Conducted twice a year since 1999, our Trade Confidence Index (TCI) is a pulse check of Canadian exporters’ level of confidence and their expectations of international trade opportunities over the next six months.
It is a composite score based on responses to questions regarding five elements:
1. Export sales
2. International business opportunities
3. World economic conditions
4. Domestic sales
5. Domestic economic conditions
Fall 2016 survey highlights:
The overall Trade Confidence Index (TCI) score fell to its lowest level in four years, dropping to 72.3 in Fall 2016 from 75.1 in Spring 2016. Although less favourable outlooks were reported across all five TCI elements, this decrease can be attributed primarily to a greater number of exporters who expect conditions will stay the same over the next six months and the lower number of respondents who said conditions will improve. Among the five TCI elements, confidence in export sales remained the highest in Fall 2016.

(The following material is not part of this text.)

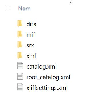 - Le dossier xml contient les règles ITS pour la conversion de XML en XLIFF 1.2. Vous devez définir vos règles dans le fichier itsrules.xml .
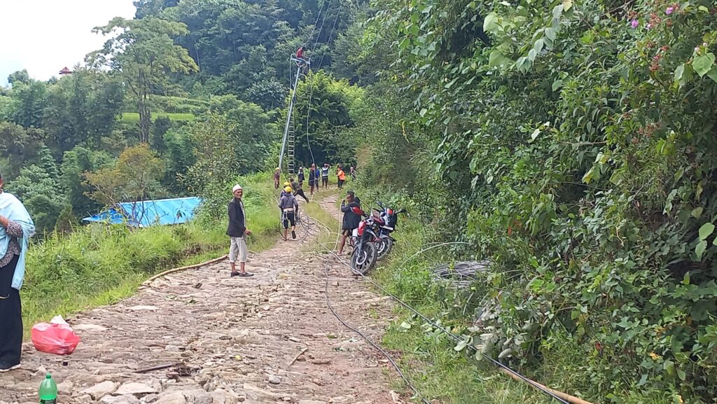 रामेछाप । बिजुलीको पोल र तारमा झुण्डिएको लगातार १० दिन भयो तर पनि थाकेका छैनन्, गलेका छैनन्, उत्तिकै ऊर्जा छ । रामेछापको लिखु तामाकोसी गाउँपालिका–२ सैपुका वडाध्यक्ष सन्तोष पौडेल लगायतका जनप्रतिनिधि र सामाजिक अगुवाको दैनिकी १० दिनदेखि एकनास छ । बिहान उज्यालो हुने बित्तिकै बिजुलीको पोलमा पुग्यो, साँझसम्म बिजुलीको पोल र तारमा झुण्डियो । बेलुका लखतरान भएर घर फर्कियो, बिहान उठेर फेरी उही काम ।

Trade confidence decreased among exporters of all sizes, in all regions of the country and across all industry sectors surveyed in Fall 2016. Small exporters exhibited the largest decline in trade confidence during this survey period. As they represent the majority of survey respondents, their concerns had a dampening effect on the overall TCI score.
For the majority of companies surveyed, the U.S. remained the top destination for current exports and foreign investment. In ranking global issues that could affect their exporting or investment activities, most respondents put the outcome of the U.S. election at the top of their list.
More than two-thirds of respondents (69%) said the value of the Canadian dollar at the time of the survey had a positive impact on their export sales, and more than half (59%) said it was very important to competing in foreign markets.